A subset of transpose has been implemented. In general,
* the inplace transpose is not implemented.
* the outplace transpose is implemented if both input and output matrix are packed
* the packed outplace transpose support:
  * real to real
  * complex interleaved to complex interleaved
  * complex planar to complex planar
  * complex interleaved to complex planar
  * complex planar to complex interleaved
* transpose is implemented if only the first dimension is padded
* only two dimensional transpose is supported

Kernels are written with HIP language. `rocFFT/library/src/internal_include/rocfft_transpose_kernel.h` declares the templated kernels. In general, there are five template parameters to each kernel:
`template<typename T, int micro_tile_col_size, int micro_tile_row_size, int wg_col_size, int wg_row_size>`
, where `T` states the data type (`float` or `double`, sometimes `T2` is also needed for `float2` and `double2`), `micro_tile_col_size` and `micro_tile_row_size` are the sizes of micro tile for different dimensions. `wg_col_size` and `wg_row_size` depicts the work-group size.

## Samples

Samples can be found under `rocFFT/clients/samples/`. `transpose_outplace_1024` contains the sample code of conducting a real-to-real transposition while `transpose_outplace_complex` contains the sample code of conducting a complex-interleaved-to-complex-interleaved transposition. Both samples print out a subblock of original matrix and transposed matrix as well as verify the correctness.

## Tests

The correctness of transposition are directly tested with the GTEST framework.

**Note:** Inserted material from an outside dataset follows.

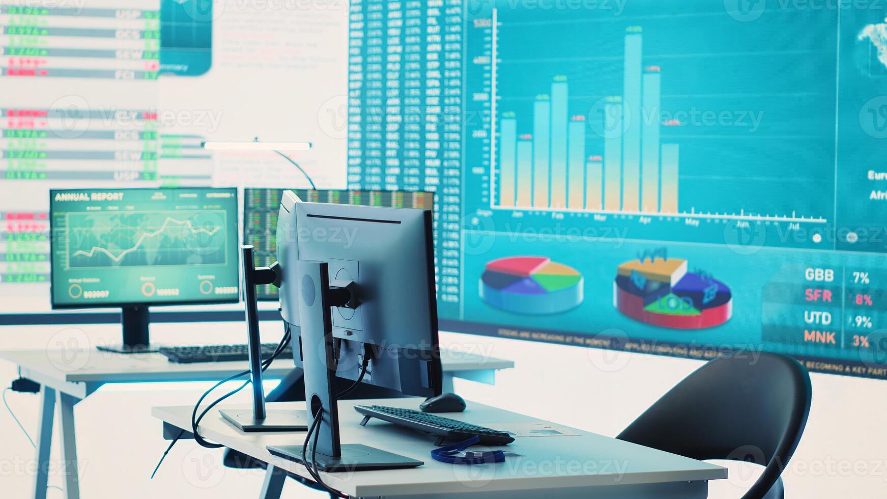 Professional enterprise headquarters equipped with big data screen and multiple computers, business coworking space. Empty startup office used by employees to examine project statistics. Camera A. Pro Photo

Testing code can be found at `rocFFT/clients/tests/`. All supported transpose cases described in Limitation are tested.

For packed data, the matrix sizes are selected from `matrix_size_small_pow2_range`, `matrix_size_middle_pow2_range` and `matrix_size_middle_range`. Batch sizes are selected from `batch_size_small_range`.

The templated testing host code and reference code are declared and defined in `rocFFT/clients/tests/accuracy_test_common.h`.